INPUT FOR THIS TASK Start Marker

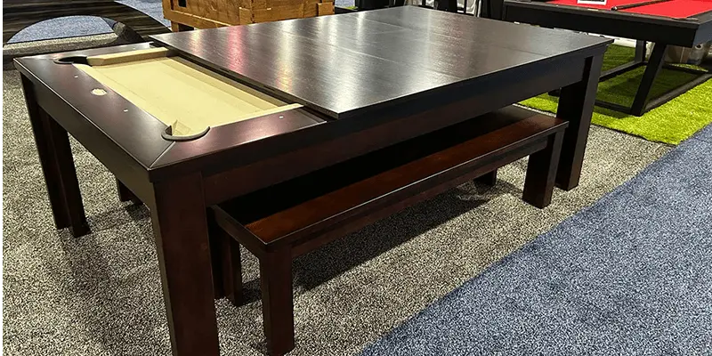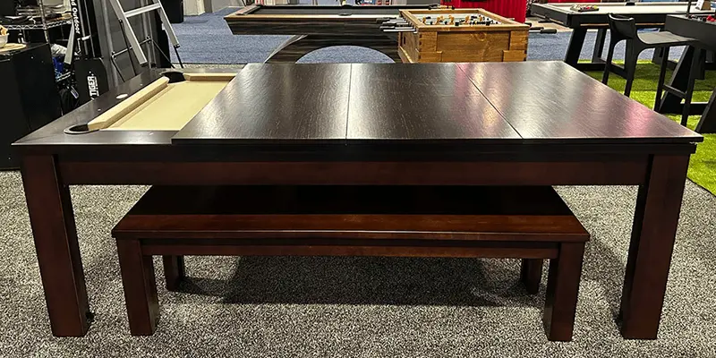 The Sharon Pool table features modern style enclosed solid wood rail system with flat paneled apron with pedestal base legs. Available in 7ft only… It is the perfect solution for small spaces.
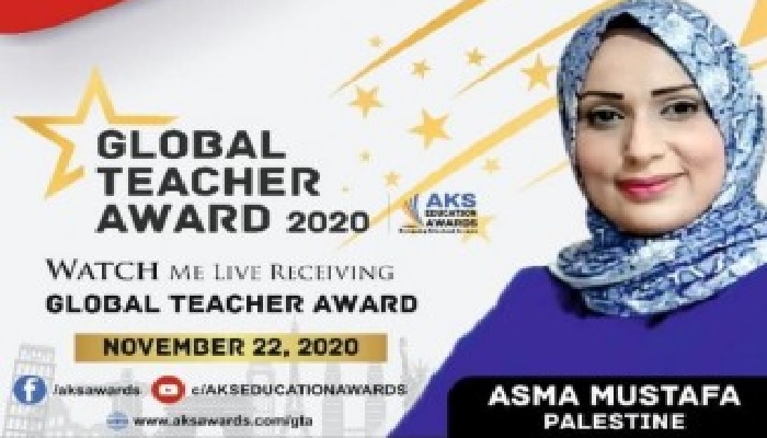 PALESTINA–Asma Mustafa, guru asal Palestina, memenangkan penghargaan Global Teacher Award 2020. Mustafa adalah guru bahasa Inggris di SMP khusus perempuan Halima Al Saadia di wilayah utara, Jalur Gaza, Palestina.
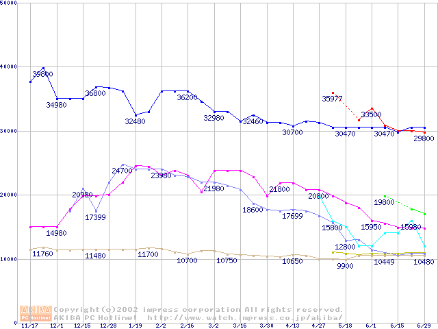メモリ主要製品の最安値推移
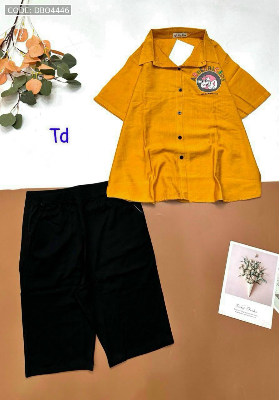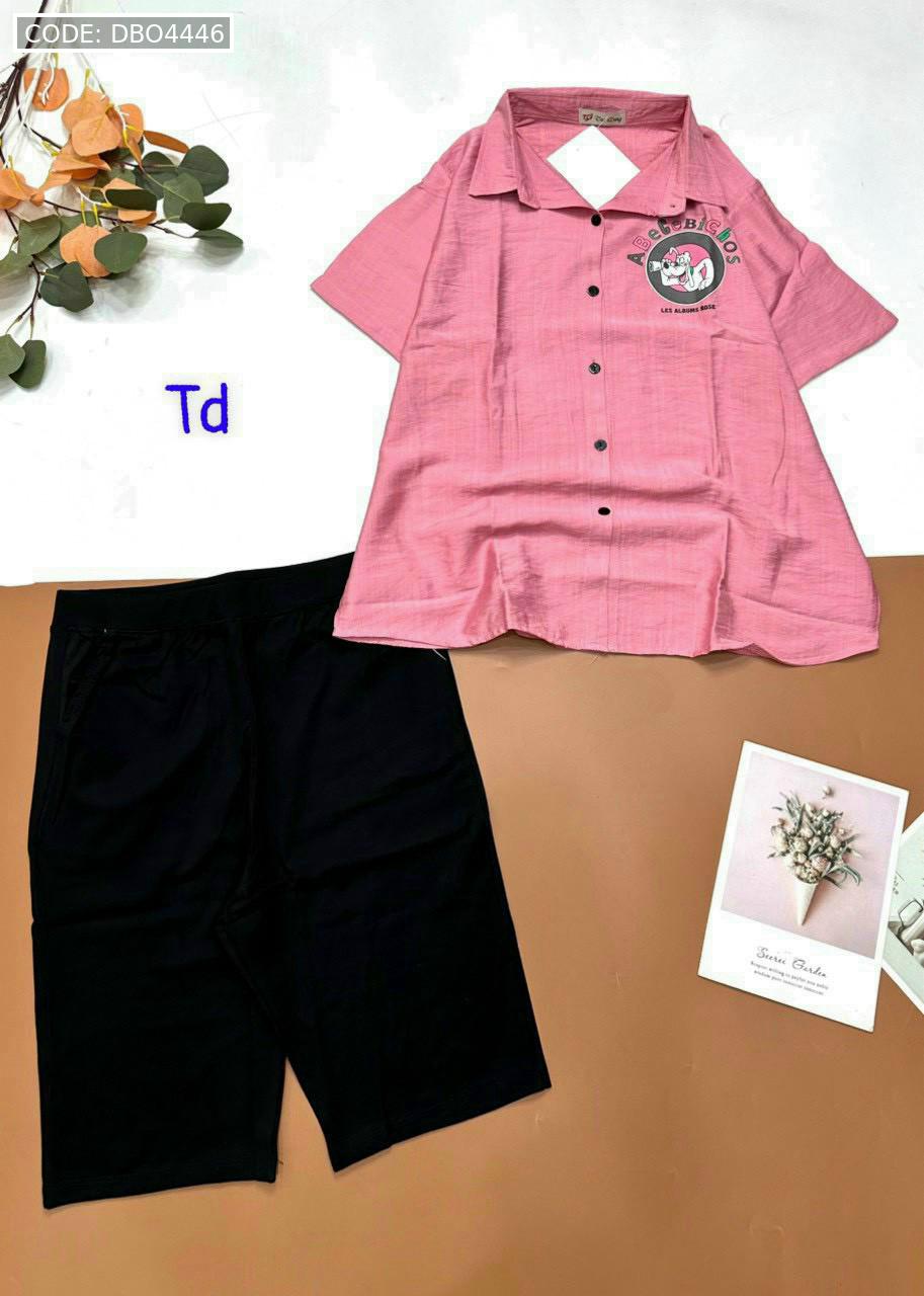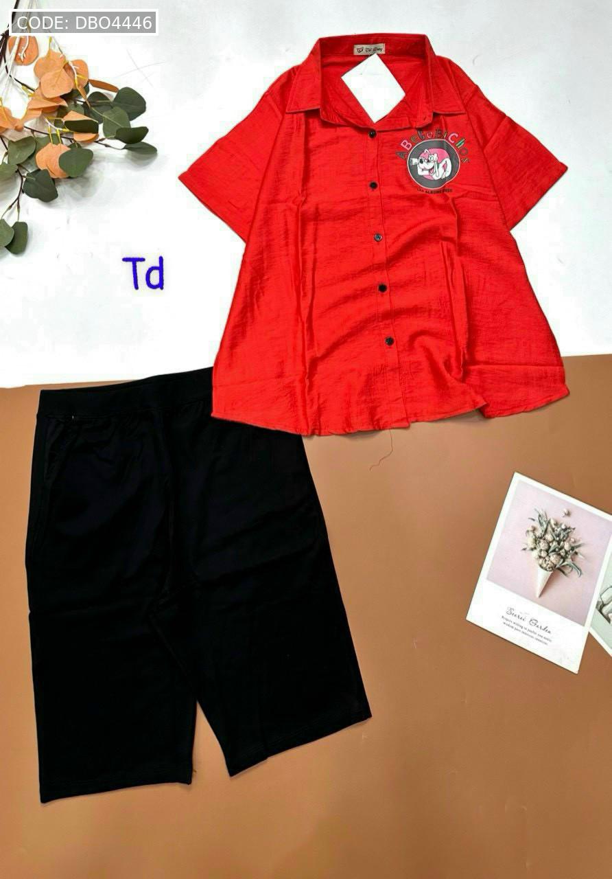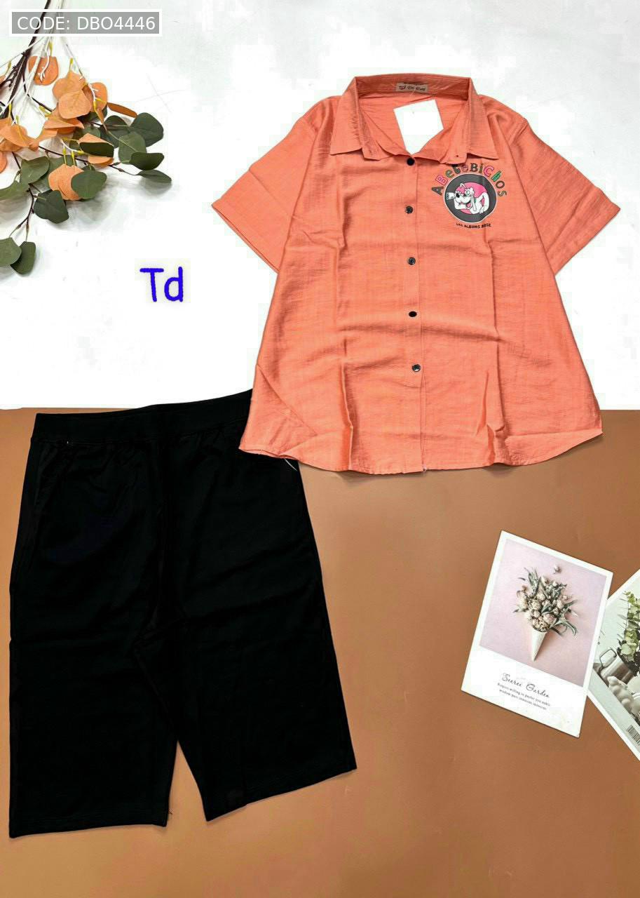 Bỏ sỉ đồ bộ tơ xước quần ngố đen áo sơ mi tay ngắn in hình bên trái
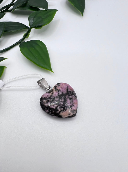 Rhodonit Herz Anhänger – 2 cm, mit versilberter Öse
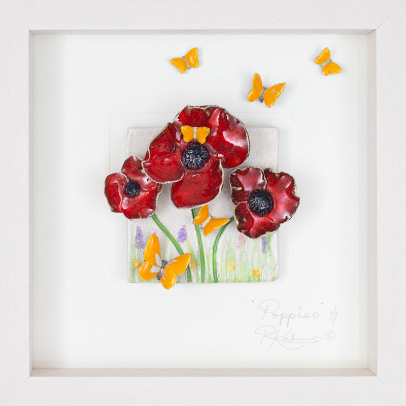 Vibrant deep red poppies! in a meadow with delicate, dreamy, butterflies. Raku fired ceramic and glass framed wall art piece.

INPUT FOR THIS TASK End Marker

* [ACTIVITY] Here the job is to retype exactly the lines that start at the one containing "Rhodonit Herz Anhänger" and run through the end of the records above, leaving out pictures.

* [THE ANSWER]
 Rhodonit Herz Anhänger – 2 cm, mit versilberter Öse
 Vibrant deep red poppies! in a meadow with delicate, dreamy, butterflies. Raku fired ceramic and glass framed wall art piece.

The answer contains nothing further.